### Dataset content
== Segment start ==
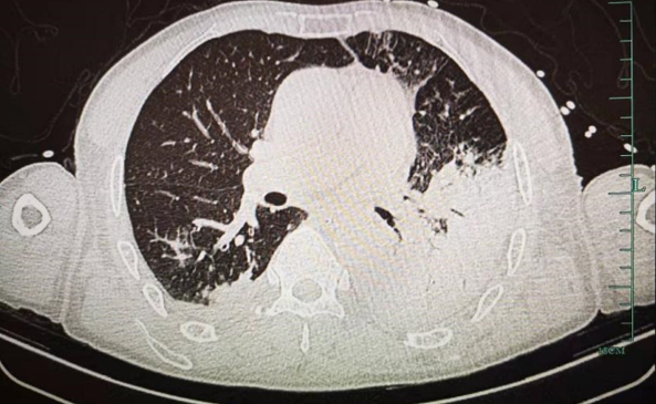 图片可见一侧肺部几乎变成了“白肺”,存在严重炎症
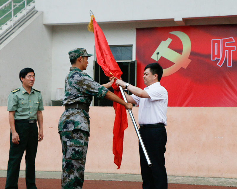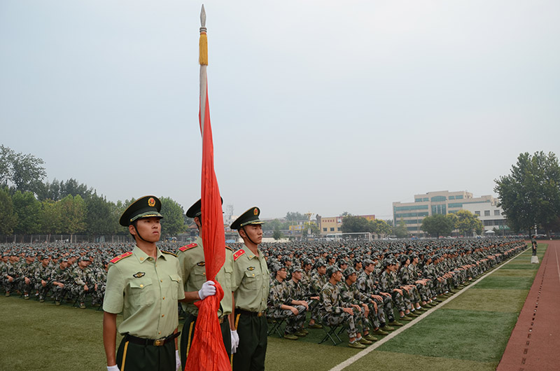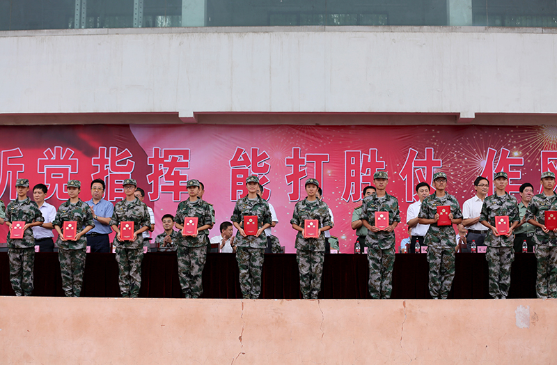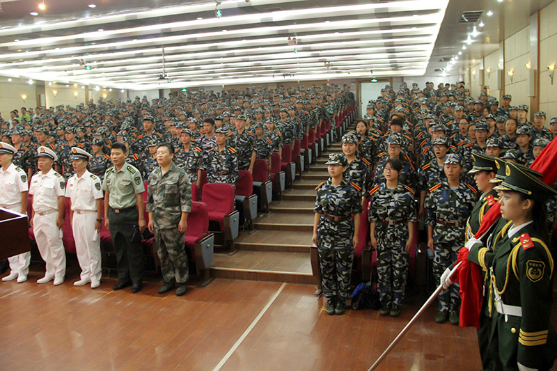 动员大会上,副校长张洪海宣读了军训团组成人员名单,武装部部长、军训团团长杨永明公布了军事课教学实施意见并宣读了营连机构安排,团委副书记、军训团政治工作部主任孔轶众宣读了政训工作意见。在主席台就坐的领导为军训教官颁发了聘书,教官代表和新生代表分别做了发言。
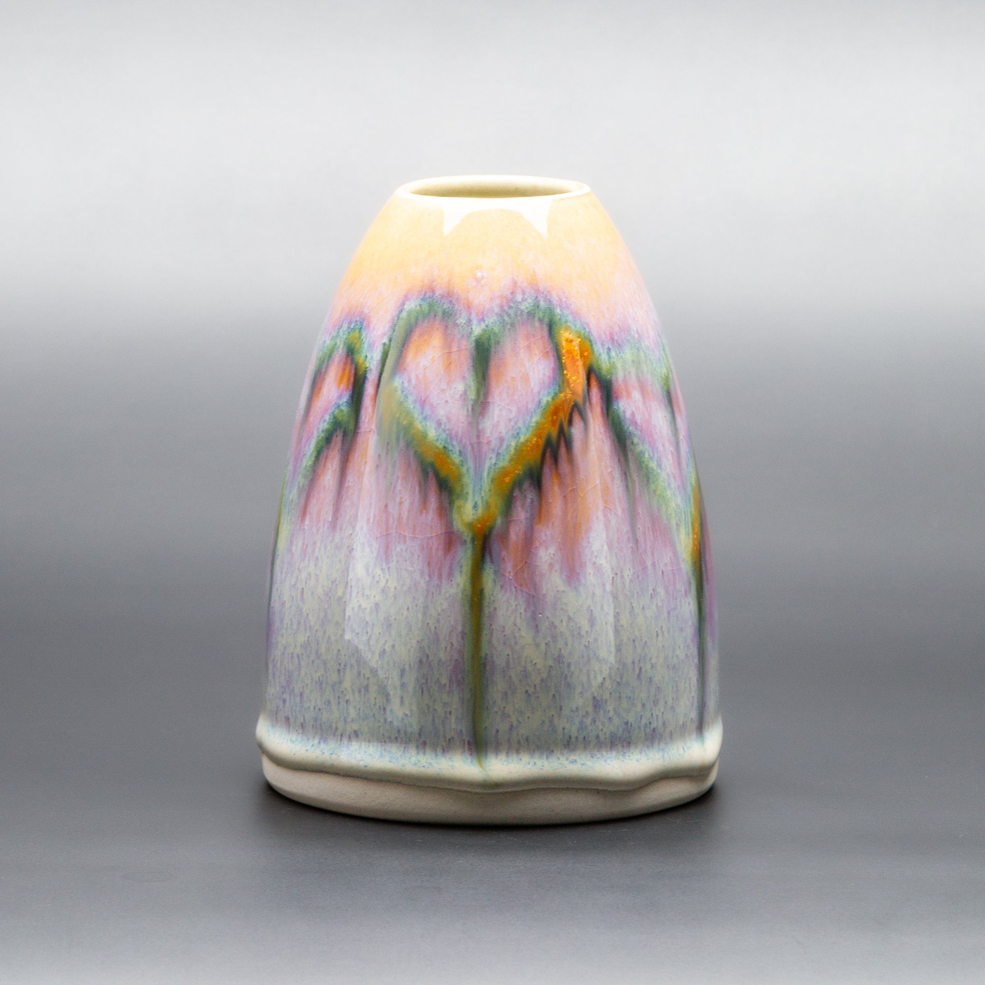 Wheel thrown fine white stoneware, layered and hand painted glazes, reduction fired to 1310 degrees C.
== Segment end ==
### Your goal
Working from the listing above, retype it exactly but include no images.

### Written answer
 图片可见一侧肺部几乎变成了“白肺”,存在严重炎症
 动员大会上,副校长张洪海宣读了军训团组成人员名单,武装部部长、军训团团长杨永明公布了军事课教学实施意见并宣读了营连机构安排,团委副书记、军训团政治工作部主任孔轶众宣读了政训工作意见。在主席台就坐的领导为军训教官颁发了聘书,教官代表和新生代表分别做了发言。
 Wheel thrown fine white stoneware, layered and hand painted glazes, reduction fired to 1310 degrees C.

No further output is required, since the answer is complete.